RECORDED DATA
_ _ _

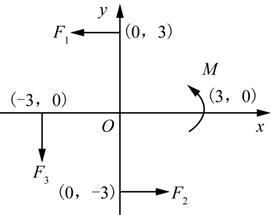 在图示平面力系中,已知:F1=10N,F2=40N,F3=40N,M=30N·m。则该力系向O点简化的结果为(  )。
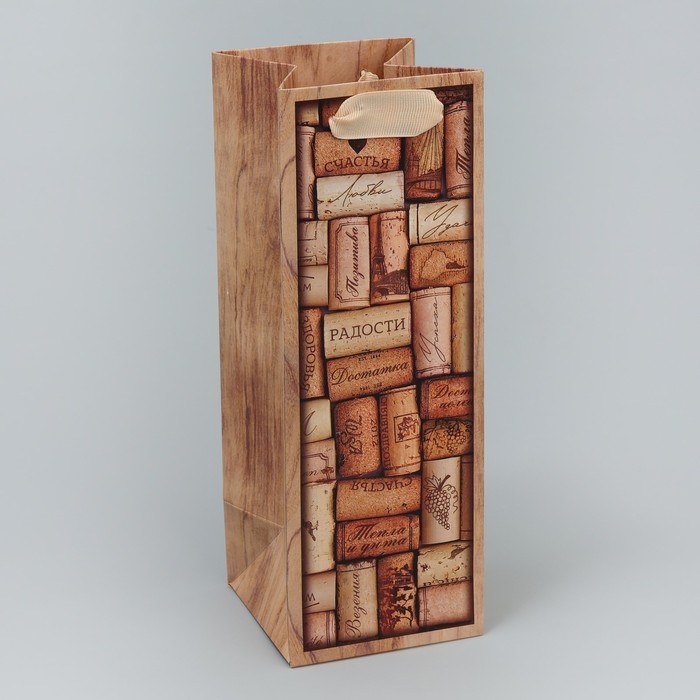 Пакет подарочный под бутылку, упаковка, «Радости», 9 х 25 х 8.9 см
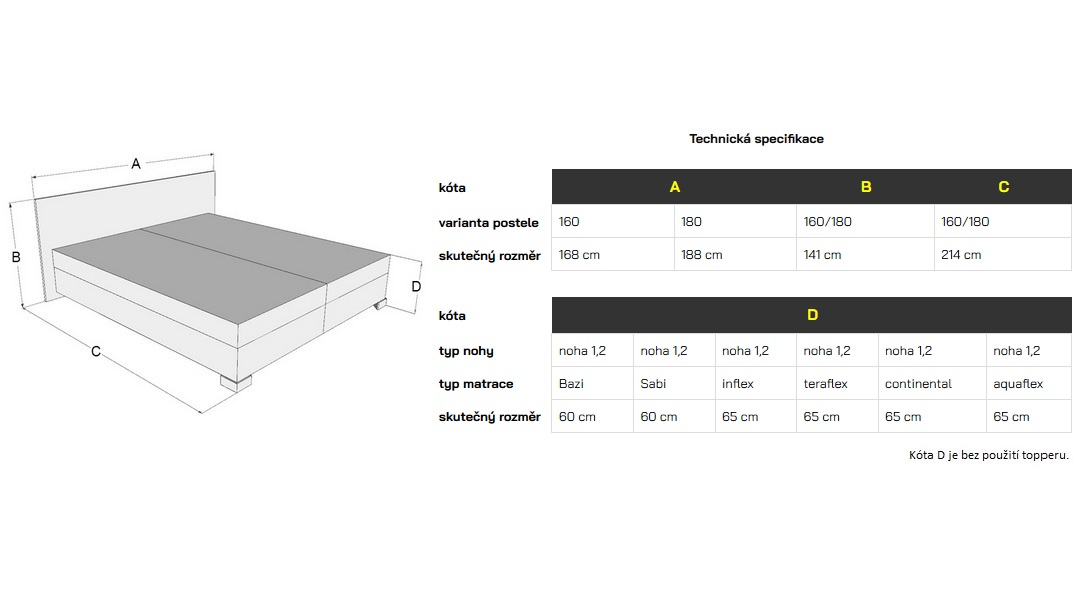 Úložný priestor je vyrobený z bieleho lamina hrúbky 18 mm. Dno je vyhotovené z bielej MDF. Pohľadové strany sú zmäkčené polyesterovým rúnom. Uchytenie okrasnej nohy je oceľovým výliskom (noha sa zaskrutkuje do výlisku). Spojenie pravej a ľavej strany letiska je zaistené stredovou oceľovou nastavovacou nohou. Na spojenie matraca s úložným priestorom je použitý výklopný mechanizmus s plynovými piestami.
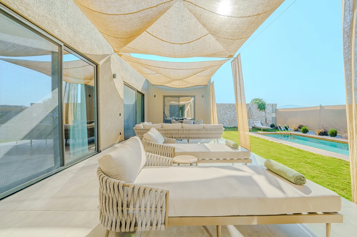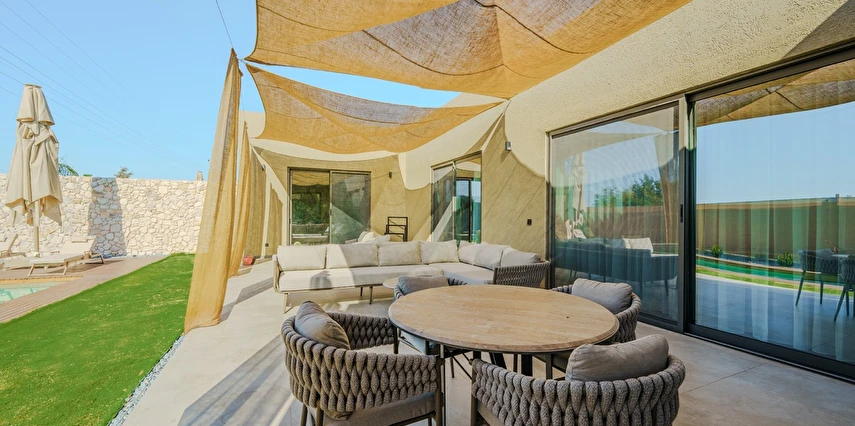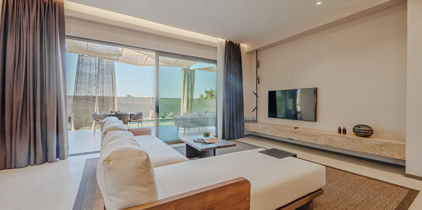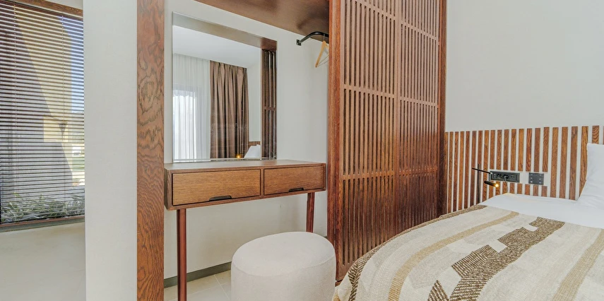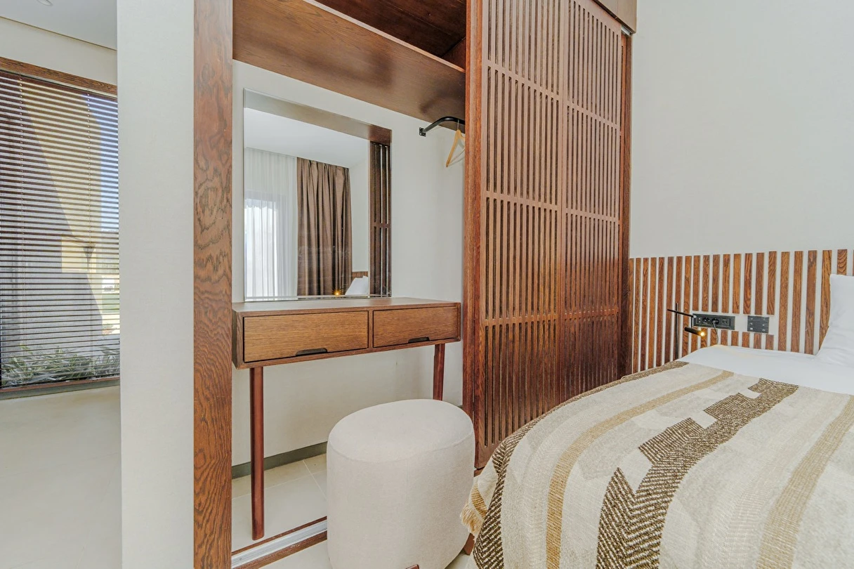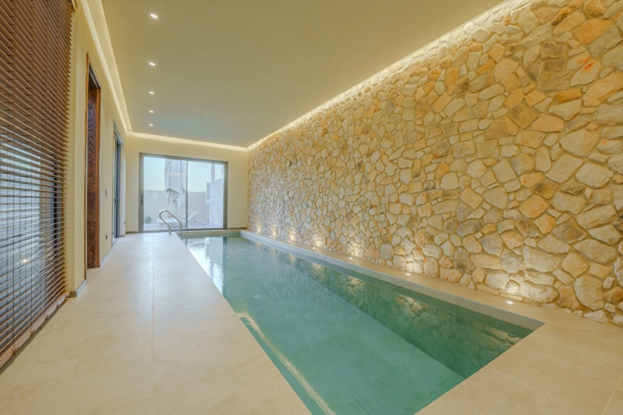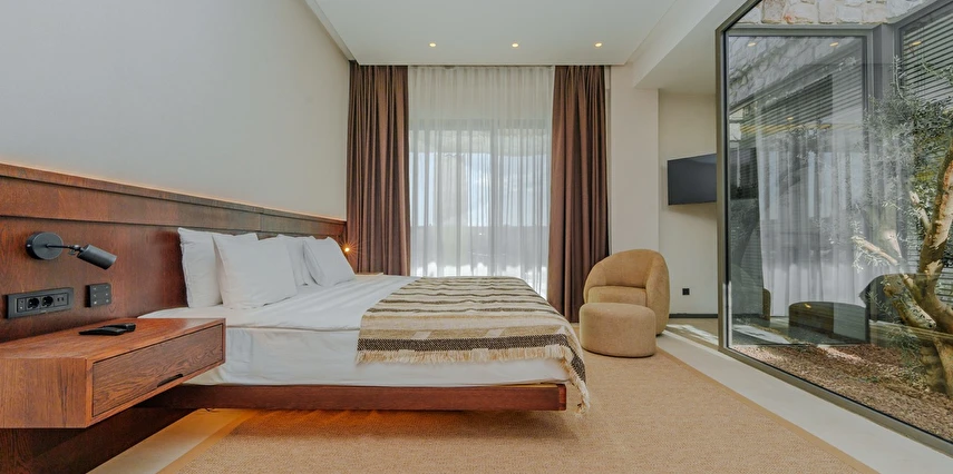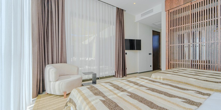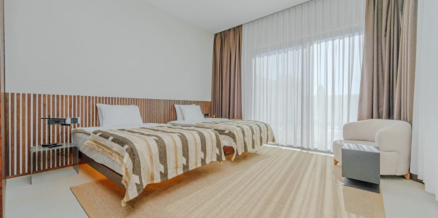 155 m² genişliğinde, 2+1 konseptli villalarımızda; ışığın gün boyu dans ettiği ferah salonlar, modern tasarımlı yatak odaları ve misafirlerimizin özel kullanımına ait ısıtmalı kapalı havuz, açık havuz, hamam, buhar odası ve sauna yer alıyor.

_ _ _

ASSIGNMENT
Without including any picture, set down every line above exactly as it stands.

EXERCISE RESULT
 在图示平面力系中,已知:F1=10N,F2=40N,F3=40N,M=30N·m。则该力系向O点简化的结果为(  )。
 Пакет подарочный под бутылку, упаковка, «Радости», 9 х 25 х 8.9 см
 Úložný priestor je vyrobený z bieleho lamina hrúbky 18 mm. Dno je vyhotovené z bielej MDF. Pohľadové strany sú zmäkčené polyesterovým rúnom. Uchytenie okrasnej nohy je oceľovým výliskom (noha sa zaskrutkuje do výlisku). Spojenie pravej a ľavej strany letiska je zaistené stredovou oceľovou nastavovacou nohou. Na spojenie matraca s úložným priestorom je použitý výklopný mechanizmus s plynovými piestami.
 155 m² genişliğinde, 2+1 konseptli villalarımızda; ışığın gün boyu dans ettiği ferah salonlar, modern tasarımlı yatak odaları ve misafirlerimizin özel kullanımına ait ısıtmalı kapalı havuz, açık havuz, hamam, buhar odası ve sauna yer alıyor.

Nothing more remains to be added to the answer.